The characteristic you can make the most money on is of course strike price. After price will be volatility plays and then duration plays. The last two of course will make you much less money.

Wednesday, October 3, 2007

Options Trading, Part II

The key to any kind of trading is thinking of every trade as a negotiation. When two sides sit down across from each, rather you are the buyer or the seller, both have weaknesses and strengths. Both have reasons they want to participate in the trade, and if you want to make abnormal profits, you need to know why you are capable of making those profits.

Quickly though, let me first explain what abnormal profits are. Abnormal profits are as it the term suggest, profits that are unusual. For example, if you suddenly find gold, you would profit off selling them. But no one will pay you more than the market price for it. That is a normal profit. An abnormal product would be say, gold is going for $100, and normally is costs you $80 to dig up gold, but all of a sudden, you discover a cheap process that finds you gold for $50 and you still sell it for $100.

Abnormal profits occur from having a comparative advantage. If you don't have an advantage, you aren't going to make abnormal profits.

So why do you care to make abnormal profits? Because with the increased riskiness of options, and the sheer amount of extra work you need to put into it, what's the point of getting a 15% return at year end when you could have just bought say the Nasdaq index and just let it sit there for a year for the same return?

I will continue posting for the rest of the week my views on Options Trading.

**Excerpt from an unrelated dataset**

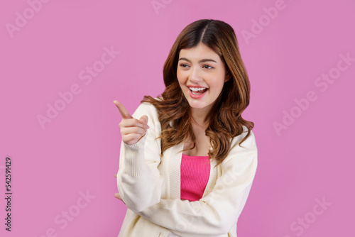 Portrait of happy cheerful young woman pointing to empty copy space for product over isolated pink background

But if you want to profit from what I post, you first have to ask yourself, what comparative advantage do you have over other traders?

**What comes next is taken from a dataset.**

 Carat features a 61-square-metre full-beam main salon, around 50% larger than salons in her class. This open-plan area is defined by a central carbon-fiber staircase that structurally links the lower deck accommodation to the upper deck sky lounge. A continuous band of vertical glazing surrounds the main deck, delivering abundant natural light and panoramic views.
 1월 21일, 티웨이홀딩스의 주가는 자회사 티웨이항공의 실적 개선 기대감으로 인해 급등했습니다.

Maybe you are smarter, or have a keen analytical sense, or perhaps Greenspan is your next door neighbor. Any of those are fine, but you have to know your advantage so that you can tailor your strategies around it.

[Update] I wanted to add as an incentive to consider your comparative advantage, the difference between me knowing what it was and just playing the market. Last year, I obtained a 10% return over 6 months following classic investing strategies, while this year I have so far obtained a 21% return in the last 2 months (I only started trading again in the last two months).

Tuesday, October 2, 2007

Options Trading, Part I

Recently, a reader asked a question about how to trade options. I thought about this question, and I realized I needed to explain a lot of background before we can get into the nitty gritty.

First, I do assume you understand what a stock is and the various drivers of stock price.

Second, I assume you have the understanding that investing is inherent risky and options even more so.

Third, I assume you have some fundamental math skills and can use Excel.

Now, rather than explaining what a basic option is, I will link to the Wikipedia article that already explains it pretty well. You only need to read the intro, section 1 and section 6 of the article. The rest is either useless or will be explained by me.